2022 Professional Golf Tour of India season
- Duration: 22 February 2022 – 24 December 2022
- Number of official events: 21
- Most wins: Manu Gandas (6)
- Order of Merit: Manu Gandas

= 2022 Professional Golf Tour of India =

Golf tour season

The 2022 Professional Golf Tour of India, titled as the 2022 Tata Steel Professional Golf Tour of India for sponsorship reasons, was the 15th season of the Professional Golf Tour of India, the main professional golf tour in India since it was formed in 2006.
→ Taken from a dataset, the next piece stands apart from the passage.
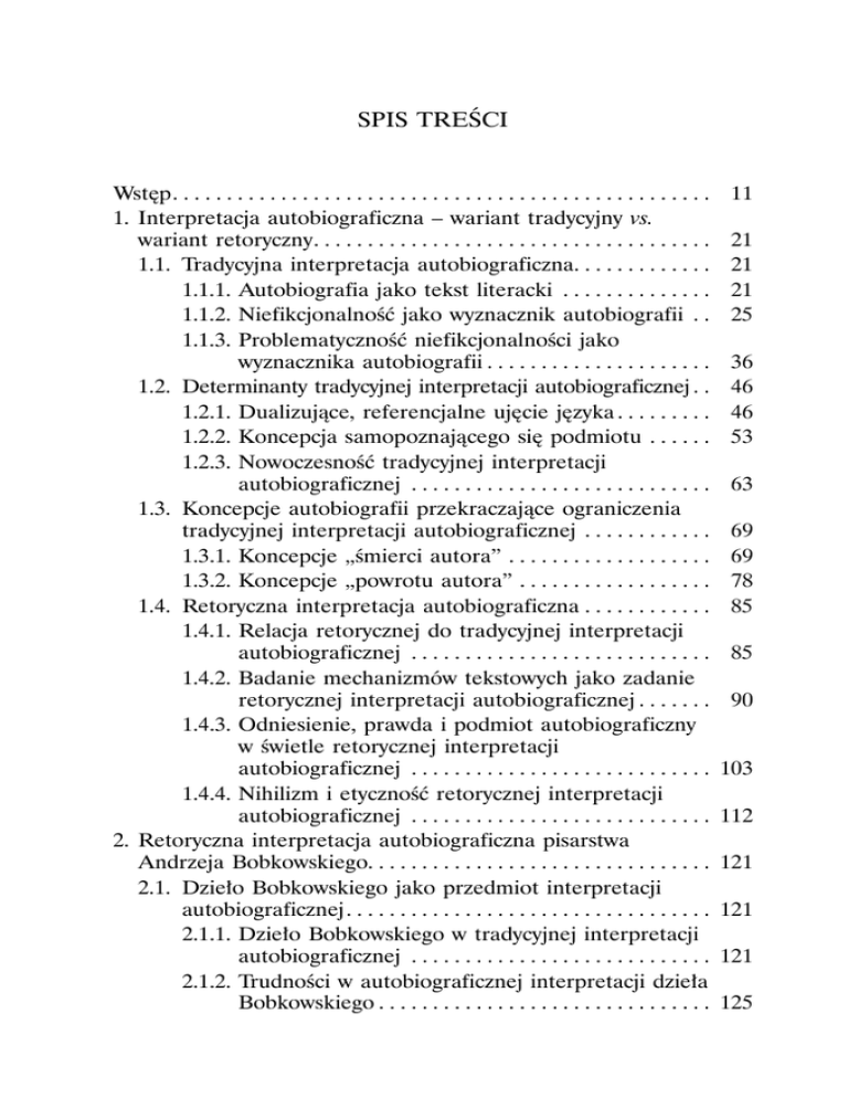 Spis treści Wstęp . . . . . . . . . . . . . . . . . . . . . . . . . . . . . . . . . . . . . . . . . . . . . . . . . . 11 1.Interpretacja autobiograficzna – wariant tradycyjny vs. wariant retoryczny . . . . . . . . . . . . . . . . . . . . . . . . . . . . . . . . . . . . . 21 1.1.Tradycyjna interpretacja autobiograficzna . . . . . . . . . . . . . 21 1.1.1.Autobiografia jako tekst literacki . . . . . . . . . . . . . . . 21 1.1.2.Niefikcjonalność jako wyznacznik autobiografii . . . 25 1.1.3.Problematyczność niefikcjonalności jako wyznacznika autobiografii . . . . . . . . . . . . . . . . . . . . . 36 1.2. Determinanty tradycyjnej interpretacji autobiograficznej . . 46 1.2.1.Dualizujące, referencjalne ujęcie języka . . . . . . . . . 46 1.2.2.Koncepcja samopoznającego się podmiotu . . . . . . . 53 1.2.3.Nowoczesność tradycyjnej interpretacji autobiograficznej . . . . . . . . . . . . . . . . . . . . . . . . . . . . . 63 1.3. Koncepcje autobiografii przekraczające ograniczenia tradycyjnej interpretacji autobiograficznej . . . . . . . . . . . . . 69 1.3.1.Koncepcje „śmierci autora” . . . . . . . . . . . . . . . . . . . . 69 1.3.2.Koncepcje „powrotu autora” . . . . . . . . . . . . . . . . . . . 78 1.4.Retoryczna interpretacja autobiograficzna . . . . . . . . . . . . . 85 1.4.1.Relacja retorycznej do tradycyjnej interpretacji autobiograficznej . . . . . . . . . . . . . . . . . . . . . . . . . . . . . 85 1.4.2.Badanie mechanizmów tekstowych jako zadanie retorycznej interpretacji autobiograficznej . . . . . . . 90 1.4.3.Odniesienie, prawda i podmiot autobiograficzny w świetle retorycznej interpretacji autobiograficznej . . . . . . . . . . . . . . . . . . . . . . . . . . . . . 103 1.4.4.Nihilizm i etyczność retorycznej interpretacji autobiograficznej . . . . . . . . . . . . . . . . . . . . . . . . . . . . . 112 2.Retoryczna interpretacja autobiograficzna pisarstwa Andrzeja Bobkowskiego . . . . . . . . . . . . . . . . . . . . . . . . . . . . . . . . 121 2.1. Dzieło Bobkowskiego jako przedmiot interpretacji autobiograficznej . . . . . . . . . . . . . . . . . . . . . . . . . . . . . . . . . . 121 2.1.1.Dzieło Bobkowskiego w tradycyjnej interpretacji autobiograficznej . . . . . . . . . . . . . . . . . . . . . . . . . . . . . 121 2.1.2.Trudności w autobiograficznej interpretacji dzieła Bobkowskiego . . . . . . . . . . . . . . . . . . . . . . . . . . . . . . . 125 8 Spis treści 2.1.3.Romantyczny rodowód pisarstwa Bobkowskiego . . . 132 2.2. Autobiograficzny podmiot w transakcji z naturą . . . . . . . 138 2.2.1.Dziecięctwo autobiograficznego podmiotu . . . . . . . 138 2.2.2.Sprzeciw autobiograficznego podmiotu wobec „kartezjańskiej dialektyki” . . . . . . . . . . . . . . . . . . . . . 142 2.2.3.Metafora jako figura autobiograficznego podmiotu (I) – epifania więzi z naturą . . . . . . . . . . 149 2.2.4.Metafora jako figura autobiograficznego podmiotu (II) – zachwianie epifanicznej równowagi . . . . . . . . . . . . . . . . . . . . . . . . . . . . . . . . . . . 162 2.3. Autobiograficzny podmiot w poszukiwaniu autentyczności . . . . . . . . . . . . . . . . . . . . . . . . . . . . . . . . . . . . . 173 2.3.1.Autentyczność jako romantyczna idea w pisarstwie Bobkowskiego . . . . . . . . . . . . . . . . . . . . 173 2.3.2.Dygresja metodologiczna . . . . . . . . . . . . . . . . . . . . . . 183 2.3.3.Ironia jako figura autobiograficznego podmiotu – wyzwanie egzotyczności . . . . . . . . . . . . . . . . . . . . . . . 187 2.3.4.Zahamowanie ironii jako figury autobiograficznego podmiotu – autentyczny kolonizator . . . . . . . . . . . . . . 200 2.4. Autobiograficzny podmiot w potrzebie metafizycznego punktu oparcia . . . . . . . . . . . . . . . . . . . . . . . . . . . . . . . . . . . . 210 2.4.1.Punkt oparcia w przeszłości . . . . . . . . . . . . . . . . . . . . 210 2.4.2.Symbol jako figura autobiograficznego podmiotu – punkt oparcia w wymiarze transcendencji . . . . . . 215 2.4.3.Destabilizacja symbolu jako figury autobiograficznego podmiotu (I) – nicość i swojskość zaświatów . . . . . . . . . . . . . . . . . . . . . . . . . 225 2.4.4.Destabilizacja symbolu jako figury autobiograficznego podmiotu (II) – ziemska strona transcendencji . . . . . . . . . . . . . . . . . . . . . . . . . 233 3.Retoryczna interpretacja autobiograficzna pisarstwa Zygmunta Haupta . . . . . . . . . . . . . . . . . . . . . . . . . . . . . . . . . . . . . 245 3.1. Dzieło Haupta jako przedmiot interpretacji autobiograficznej . . . . . . . . . . . . . . . . . . . . . . . . . . . . . . . . . . 245 3.1.1.Dzieło Haupta w tradycyjnej interpretacji autobiograficznej . . . . . . . . . . . . . . . . . . . . . . . . . . . . . 245 3.1.2.Trudności w autobiograficznej interpretacji dzieła Haupta . . . . . . . . . . . . . . . . . . . . . . . . . . . . . . . . . . . . . 250 3.1.3.Modernistyczny rodowód pisarstwa Haupta . . . . . . 256 Spis treści 9 3.2. Autobiograficzny podmiot w patogennej melancholii . . . 262 3.2.1.Nostalgia a melancholia w pisarstwie Haupta . . . . 262 3.2.2.Melancholiczny świat przedstawiony . . . . . . . . . . . . 266 3.2.3.Melancholiczny związek autobiograficznego podmiotu i utraconego . . . . . . . . . . . . . . . . . . . . . . . . 276 3.2.4.Figury detrakcji autobiograficznego podmiotu – redukcja Ja . . . . . . . . . . . . . . . . . . . . . . . . . . . . . . . . . . 283 3.3. Autobiograficzny podmiot w fantazmatycznej fazie autoterapii . . . . . . . . . . . . . . . . . . . . . . . . . . . . . . . . . . . . . . . . 294 3.3.1.Wyobraźnia – nadzieja dla melancholika . . . . . . . . 294 3.3.2.Wspomnienie-wyobrażenie (I) – zwiększanie dystansu autobiograficznego podmiotu do utraconego . . . . . . . . . . . . . . . . . . . . . . . . . . . . . . . . . . 301 3.3.3.Wspomnienie-wyobrażenie (II) – zmniejszanie dystansu autobiograficznego podmiotu do utraconego . . . . . . . . . . . . . . . . . . . . . . . . . . . . . . . . . . 312 3.3.4.Alegoria jako figura autobi

==European Tour partnership==
In December, it was announced by the European Tour that the Professional Golf Tour of India had entered into a partnership with them and the PGA Tour. As part of the partnership, the leading player on the PGTI Order of Merit was given status onto the European Tour for the following season.

==Schedule==
The following table lists official events during the 2022 season.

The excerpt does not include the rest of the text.